It may be said upon this evidence, as said in the Ferguson Case, supra:
"The fact that the will was last seen in the custody of the testator, and was not found after his death in its accustomed place, constituted a cogent circumstance tending to prove its revocation. Indeed, the failure to find a will last seen in the control of the testator raises a presumption that it was destroyed by him for the purpose of revoking it."
As stated in section 388, 28 R. C. L. 385, the rule as to this is that "the evidence to overcome the presumption that a lost will was destroyed by the testator animo revocandi must be clear, satisfactory and convincing."

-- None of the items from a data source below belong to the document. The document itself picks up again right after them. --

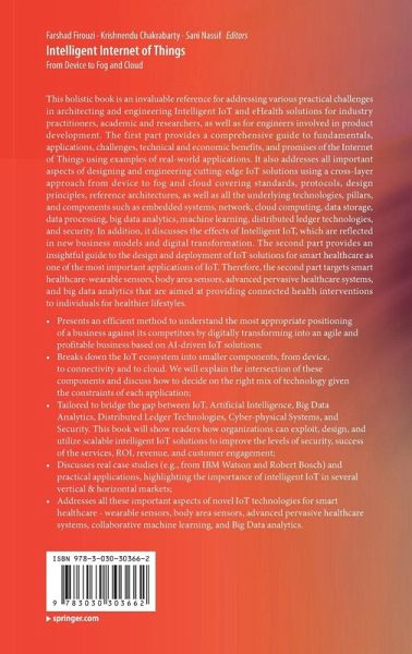 This holistic book is an invaluable reference for addressing various practical challenges in architecting and engineering Intelligent IoT and eHealth solutions for industry practitioners, academic and researchers, as well as for engineers involved in product development. The first part provides a comprehensive guide to fundamentals, applications, challenges, technical and economic benefits, and promises of the Internet of Things using examples of real-world applications. It also addresses all important aspects of designing and engineering cutting-edge IoT solutions using a cross-layer approach from device to fog, and cloud covering standards, protocols, design principles, reference architectures, as well as all the underlying technologies, pillars, and components such as embedded systems, network, cloud computing, data storage, data processing, big data analytics, machine learning, distributed ledger technologies, and security. In addition, it discusses the effects of Intelligent IoT, which are reflected in new business models and digital transformation. The second part provides an insightful guide to the design and deployment of IoT solutions for smart healthcare as one of the most important applications of IoT. Therefore, the second part targets smart healthcare-wearable sensors, body area sensors, advanced pervasive healthcare systems, and big data analytics that are aimed at providing connected health interventions to individuals for healthier lifestyles.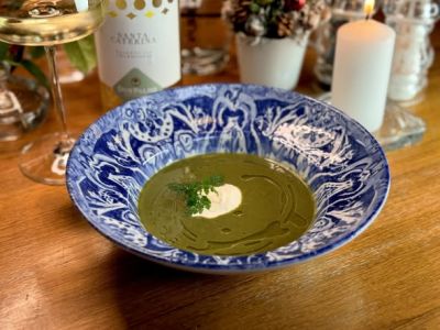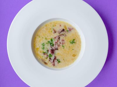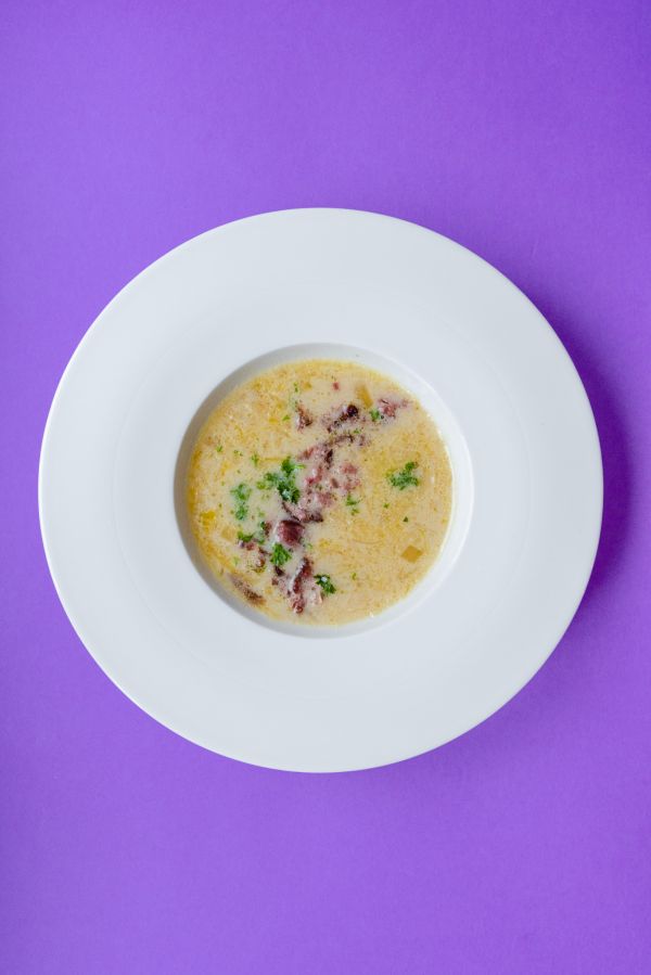 Polévka: Valašská kyselice s uzeninou, švestkami a zakysanou smetanou
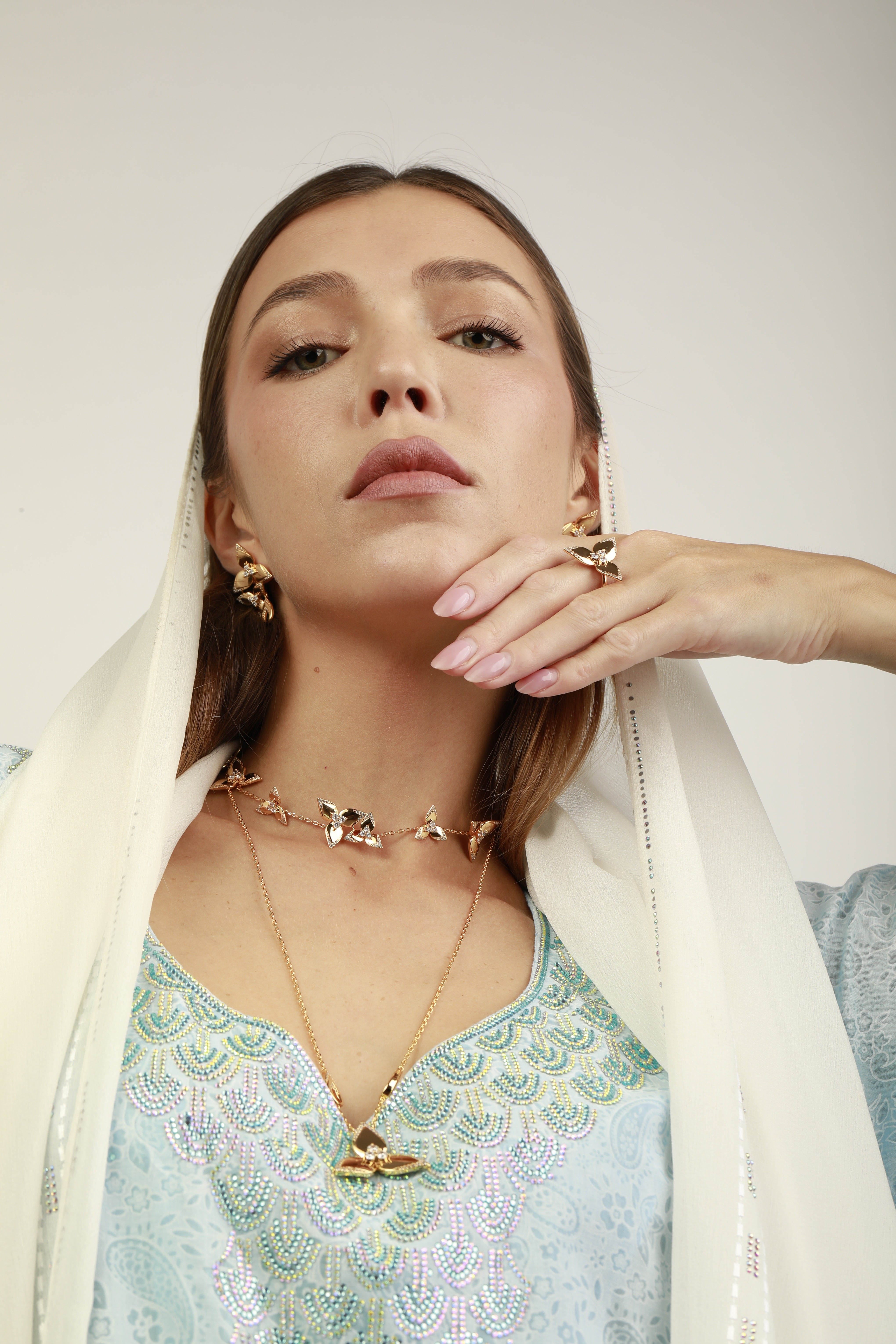 Flora collection is a timeless embodiment of nature’s delicate elegance. Inspired by the vibrant petals of the Bougainvillea flower, this collection features intricate floral motifs, expertly crafted in radiant gold. The signature design captures the flower's graceful charm, adding a touch of sophistication and beauty to your look.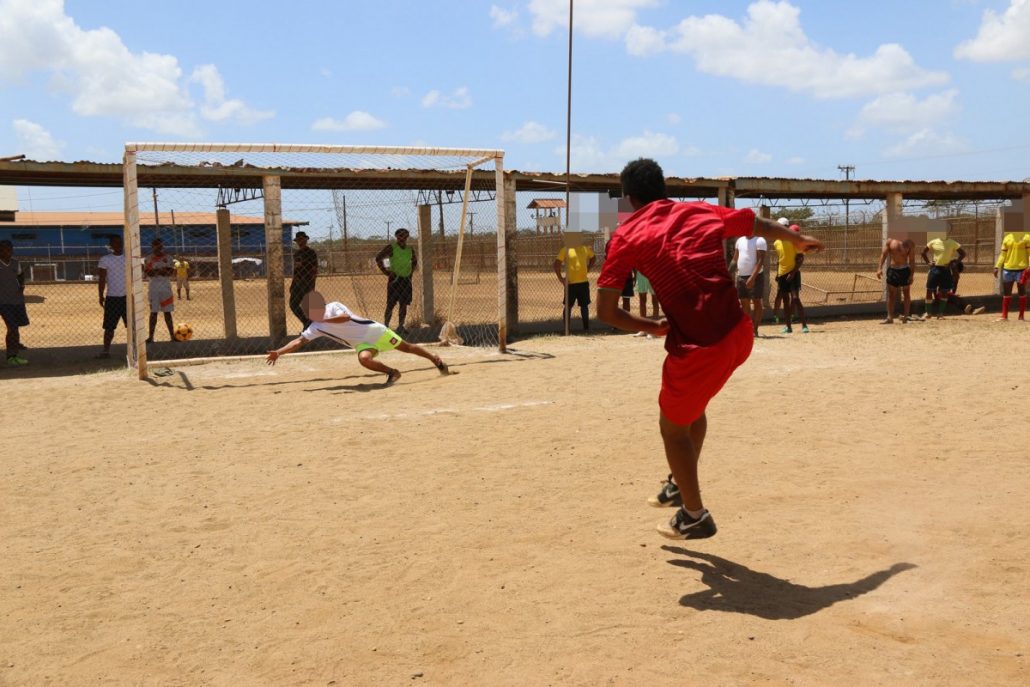 Se formaron cuatro equipos con jóvenes de 8 pabellones. En esta ocasión realizaron dos partidos de futbol, aunque previamente fueron atendidos en la interiorización de normas, valores, creatividad, actitudes competitivas, trabajo en equipo, entre otros.

While section 4833, Kentucky Statutes, requires the revocatory acts, to which it alone gives effect, to be done by the testator himself, or caused to be done by him in his presence, and although, further, there was here no express or statutory revocation, because of the absence of any evidence tending to show that the will was destroyed by the testator himself, or caused by him to be destroyed in his presence, the rule yet applies that the intention to revoke must be inferred from the cogent circumstances tending to prove its revocation, that the will was last seen in the custody of the testator and was not found after his death in its accustomed place. Steele v. Price et ux., 44 Ky. 58, 5 B. Mon. 58.
Wherefore, we are of the opinion, for the reasons stated, that the judgment of the Knox circuit court, reversing that of the Knox county court and ruling that the papers offered in evidence as the lost will and codicil of the deceased, Alexander Sevier, were not sufficiently shown by the evidence to be his last will and codicil thereto and that he departed this life intestate, should be, and it is, affirmed.